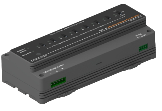 - Output: 8 channels (relays 230 Vac, 20A resistive load per channel)
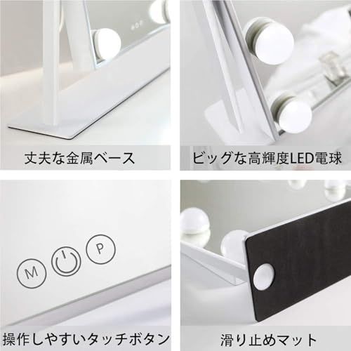 10倍拡大鏡・明るさメモリー機能:吸盤式10倍拡大鏡が付き、毛穴の状態やアイラインのズレもチェックでき、肌の細やかい状況とスキンケアをしっかり把握します。視力が低下して見えづらい方に、メガネがなくてもメイクできます、メイクも便利です。明るさメモリー機能により一度消してもお好みの明るさで再点灯できます。
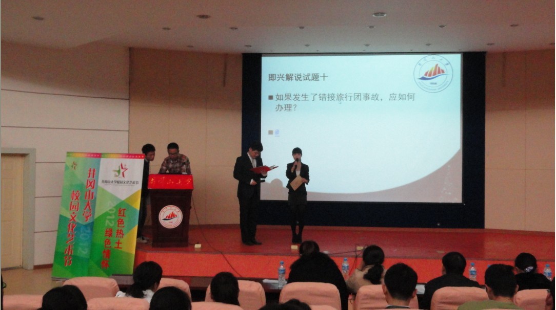 为弘扬井冈山精神,传播庐陵文化,丰富井大学子课余生活,营造浓郁的校园文化气氛,12月14日星期五晚7点,“革命摇篮,生态家园”导游词中文解说大赛在10栋学术报告厅举行。担任本次比赛评委有商学院学生科副科长黎明辉老师,导游专业老师张悦、余涵、刘锦云、李冬影。我院李佳参加了本次比赛。
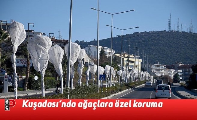 Kuşadası Belediyesi, hava sıcaklıklarının düşmesi nedeniyle kent genelinde ağaçları don ve kırağı örtüsü olan ‘agril’ ile kapladı. Gözenekli bir dokuya sahip olduğu için bitkilerin fotosentez yapmasına engel olmayan agril sayesinde Akdeniz iklimine alışkın ağaçlar kış boyunca olumsuz hava koşullarına karşı korunmuş olacak.
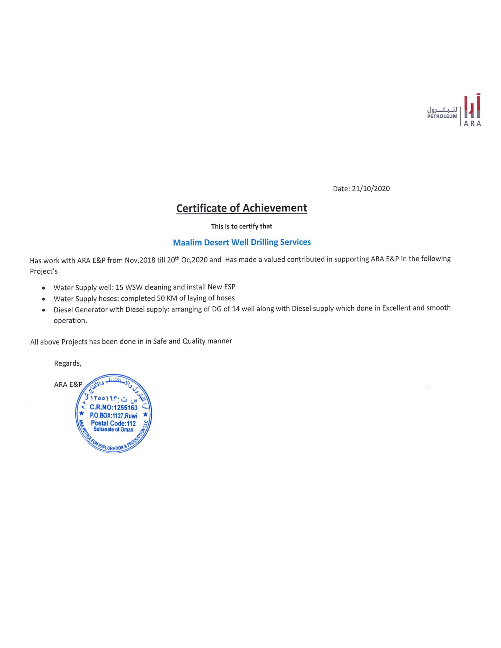design and drilling, inspection, cleaning, and rehabilitation of water wells. Installation & testing of water electro submersible pumps (ESP), Tubing replacement, well head maintenance, line maintenance and field complete water services. Supply of water hose line with accessories, ESP, tubing, well head with associated equipment, Supply and rental of de-watering pumps, diesel generators and diesel tanks.
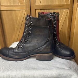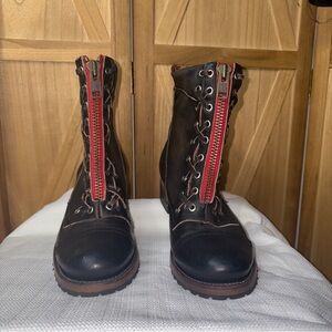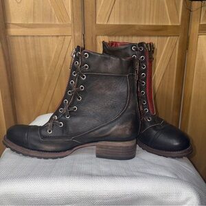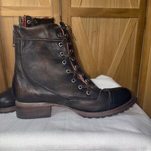 Rugged leather ankle boots. Distressed black with brown tones. Lace-up front and side zipper. This is a very sturdy leather bootie description says the leather is distressed, it leather lined, 12inch shaft circumference, 6.25 shaft height, 1.25 heel height with rubber tread sole, zipper works in front and back of boot, previously worn only a few times in excellent condition
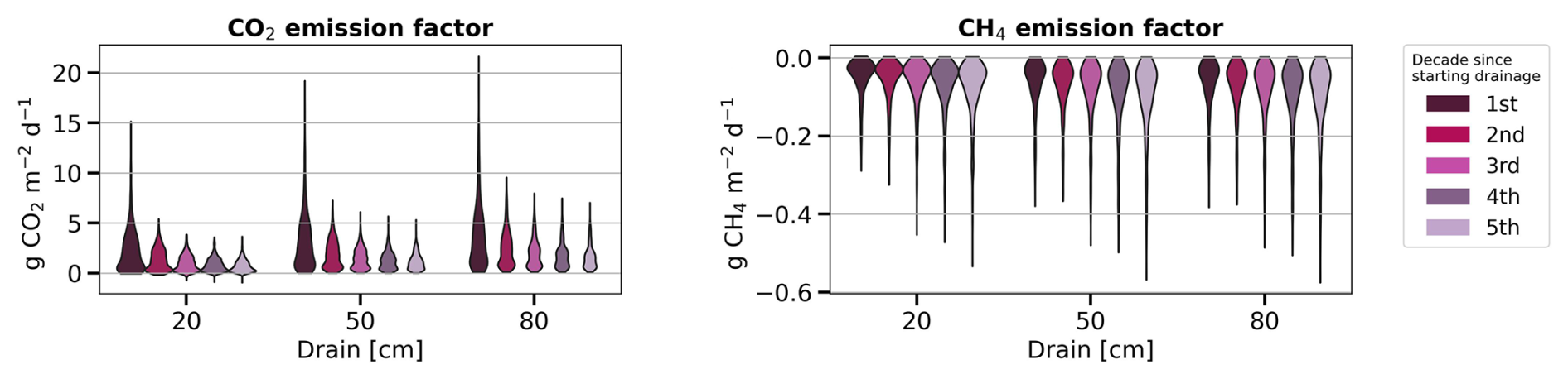 In addition, meta-analyses gathering data from various sites and methods (Couwenberg et al., 2010; Maljanen et al., 2010; Prananto et al., 2020) have been combined with empirical upscaling models of drainage-induced GHG fluxes (Evans et al., 2021; Huang et al., 2021b) across diverse geographic regions, peatland types and conditions. Meta-analyses consistently suggest that post-drainage peat decomposition causes long-term legacy CO2 emissions, persisting decades after drainage (Couwenberg et al., 2010; Huang et al., 2021b; Zou et al., 2022). Concurrently, meta-analyses show that CH4 emissions are reduced and N2O emissions can be increased during drainage (Zou et al., 2022; Tikkasalo et al., 2025), the latter of which applies to N-rich sites.

++++++++

• Exercise: Transcribe every entry exactly, leaving out the pictures.

• Exercise solution:
 - Output: 8 channels (relays 230 Vac, 20A resistive load per channel)
 10倍拡大鏡・明るさメモリー機能:吸盤式10倍拡大鏡が付き、毛穴の状態やアイラインのズレもチェックでき、肌の細やかい状況とスキンケアをしっかり把握します。視力が低下して見えづらい方に、メガネがなくてもメイクできます、メイクも便利です。明るさメモリー機能により一度消してもお好みの明るさで再点灯できます。
 为弘扬井冈山精神,传播庐陵文化,丰富井大学子课余生活,营造浓郁的校园文化气氛,12月14日星期五晚7点,“革命摇篮,生态家园”导游词中文解说大赛在10栋学术报告厅举行。担任本次比赛评委有商学院学生科副科长黎明辉老师,导游专业老师张悦、余涵、刘锦云、李冬影。我院李佳参加了本次比赛。
 Kuşadası Belediyesi, hava sıcaklıklarının düşmesi nedeniyle kent genelinde ağaçları don ve kırağı örtüsü olan ‘agril’ ile kapladı. Gözenekli bir dokuya sahip olduğu için bitkilerin fotosentez yapmasına engel olmayan agril sayesinde Akdeniz iklimine alışkın ağaçlar kış boyunca olumsuz hava koşullarına karşı korunmuş olacak.
design and drilling, inspection, cleaning, and rehabilitation of water wells. Installation & testing of water electro submersible pumps (ESP), Tubing replacement, well head maintenance, line maintenance and field complete water services. Supply of water hose line with accessories, ESP, tubing, well head with associated equipment, Supply and rental of de-watering pumps, diesel generators and diesel tanks.
 Rugged leather ankle boots. Distressed black with brown tones. Lace-up front and side zipper. This is a very sturdy leather bootie description says the leather is distressed, it leather lined, 12inch shaft circumference, 6.25 shaft height, 1.25 heel height with rubber tread sole, zipper works in front and back of boot, previously worn only a few times in excellent condition
 In addition, meta-analyses gathering data from various sites and methods (Couwenberg et al., 2010; Maljanen et al., 2010; Prananto et al., 2020) have been combined with empirical upscaling models of drainage-induced GHG fluxes (Evans et al., 2021; Huang et al., 2021b) across diverse geographic regions, peatland types and conditions. Meta-analyses consistently suggest that post-drainage peat decomposition causes long-term legacy CO2 emissions, persisting decades after drainage (Couwenberg et al., 2010; Huang et al., 2021b; Zou et al., 2022). Concurrently, meta-analyses show that CH4 emissions are reduced and N2O emissions can be increased during drainage (Zou et al., 2022; Tikkasalo et al., 2025), the latter of which applies to N-rich sites.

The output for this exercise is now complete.